Wir haben uns um eine bunte Mischung bemüht – also nicht nur Input von den Referenten, sondern auch Diskussionsrunden unter den Teilnehmern. Und natürlich haben auch diejenigen im Orga-Team, die schon im Ausland waren, ihre Erfahrungen weitergegeben. Zum Ende des Seminars wollten wir den Blick der Teilnehmer auch in eine europäische Richtung lenken. Dazu haben wir eine Podiumsdiskussion zum Thema „Möglichkeiten und Grenzen einer Inklusion im europäischen Kontext“ organisiert. Eingeladen waren Referenten aus europäischen Organisationen wie dem „European Disability Forum“. Zur Auflockerung haben wir abends gemeinsam etwas unternommen, zum Beispiel eine barrierefreie Führung durch Frankfurt oder einen Blindenfußball-Workshop.

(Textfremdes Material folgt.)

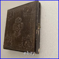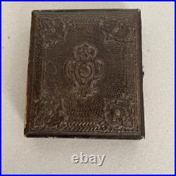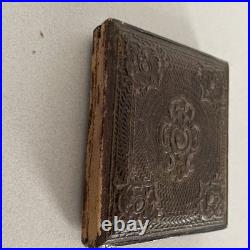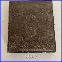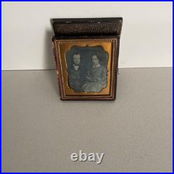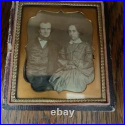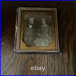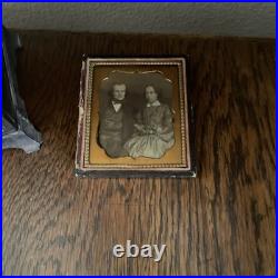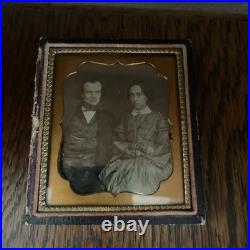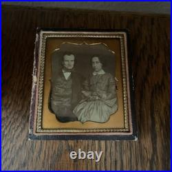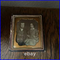 This product is a rare and unique 1/4 plate daguerreotype featuring a husband and wife with full skirts, captured in the 1850s. The image is hand-tinted and matted in a framed gold jewelry case, showcasing a timeless portrait of Americana fashion and lifestyle. This collectible piece is a one-of-a-kind original production from the United States, highlighting the artistry and history of figurative photography from that era.

Was haben die Teilnehmer gelernt?
Zu dem Seminar waren verschiedene Referenten eingeladen. Mit „European Blind Union“ und „Views International“ haben sich zwei wichtige Institutionen der europäischen Blindenselbsthilfe präsentiert. Außerdem wurden technische Hilfsmittel vorgestellt, die beim Studieren helfen, zum Beispiel Braille-Notizgeräte oder intelligente Kamerasysteme. Eine Referentin vom Deutschen Akademischen Austauschdienst (DAAD) informierte die Teilnehmer über verschiedene Regelungen rund um das Thema Auslandsaufenthalt mit Sehbeeinträchtigung, denn viele sehbehinderte Studierende kennen diese Regeln gar nicht. Am wichtigsten war aber, dass die Teilnehmer sich untereinander austauschen konnten. Viele würden nämlich gerne zum Studieren ins Ausland gehen und fanden die Tipps und Erfahrungen anderer Studenten sehr hilfreich.
Wie kam das Seminar bei den Teilnehmern an?
Wir haben durchweg gutes Feedback bekommen. Die Teilnehmer waren sehr engagiert und haben kräftig diskutiert. Viele waren vorher noch unentschlossen, ob sie im Ausland studieren sollten oder nicht – ihnen hat das Seminar viele ihrer Ängste genommen. Andere haben überhaupt erst durch das Seminar gemerkt, dass es möglich ist, mit einer Sehbehinderung im Ausland zu studieren, und dass sich die Hürden nehmen lassen. Es gibt sogar Überlegungen, die Veranstaltung in einem anderen Land zu wiederholen.